# Plaster vs concrete ceilings



## ClarenceBauer (Mar 4, 2005)

Most interior ceilings were Gypsum plaster.
Exterior soffits ( ceilings ) were cement plaster.
Plaster would be softer than cement.
Both would sound about the same when knocked on.
What is the finish surface ?
What color is the finish surface ?


----------



## erikjscott (Jul 24, 2015)

It is a new apartment I just purchased. Trying to get popcorn ceilings removed and recessed lighting put in. Contractor hasn't seen the place in person yet (Because I am in contract - haven't closed yet), but he said popcorn ceilings were usually used on cement ceilings and recessed lighting might not be possible.
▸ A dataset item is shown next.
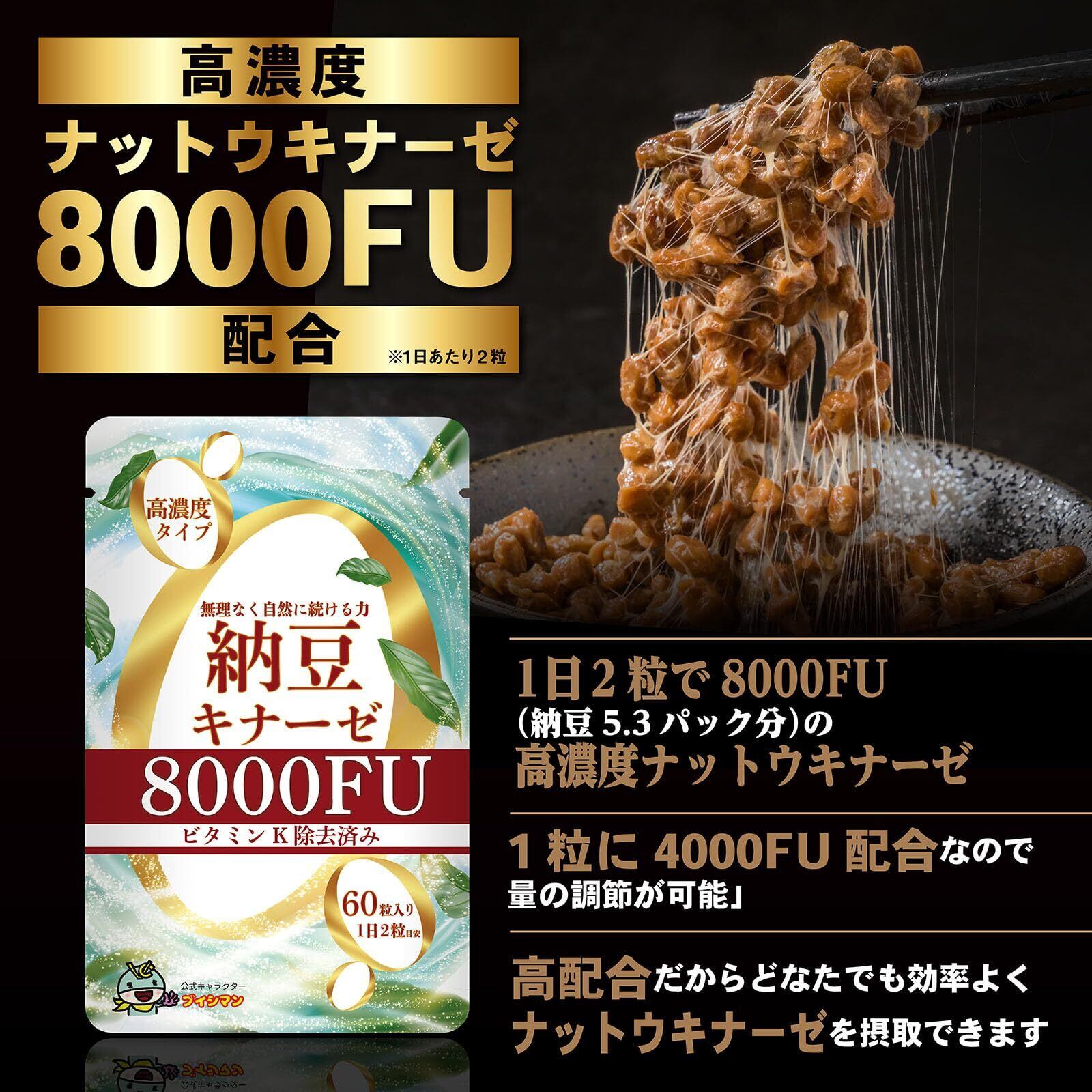 納豆キナーゼ 8000FU 紅麹不使用 高濃度 ナットウキナーゼ 無味 無臭 ビタミンK除去済み サプリメント 60

Picture has track lighting which makes me think that it is cement, unless the previous owner just didn't want to deal with having electric installed for the lighting.

This is the ceiling:


----------



## ClarenceBauer (Mar 4, 2005)

If it is a condo / apartment it could very well be a cement ceiling.

If a privet residence not very likely to be cement plaster.


----------



## Guap0_ (Dec 2, 2017)

Where is it, how many floors is it & when was it built?


----------



## SPS-1 (Oct 21, 2008)

erikjscott said:


> ....he said popcorn ceilings were usually used on cement ceilings...



Also used on drywall when they don't want to spend the time and money to make the ceiling visibly flat and smooth.


----------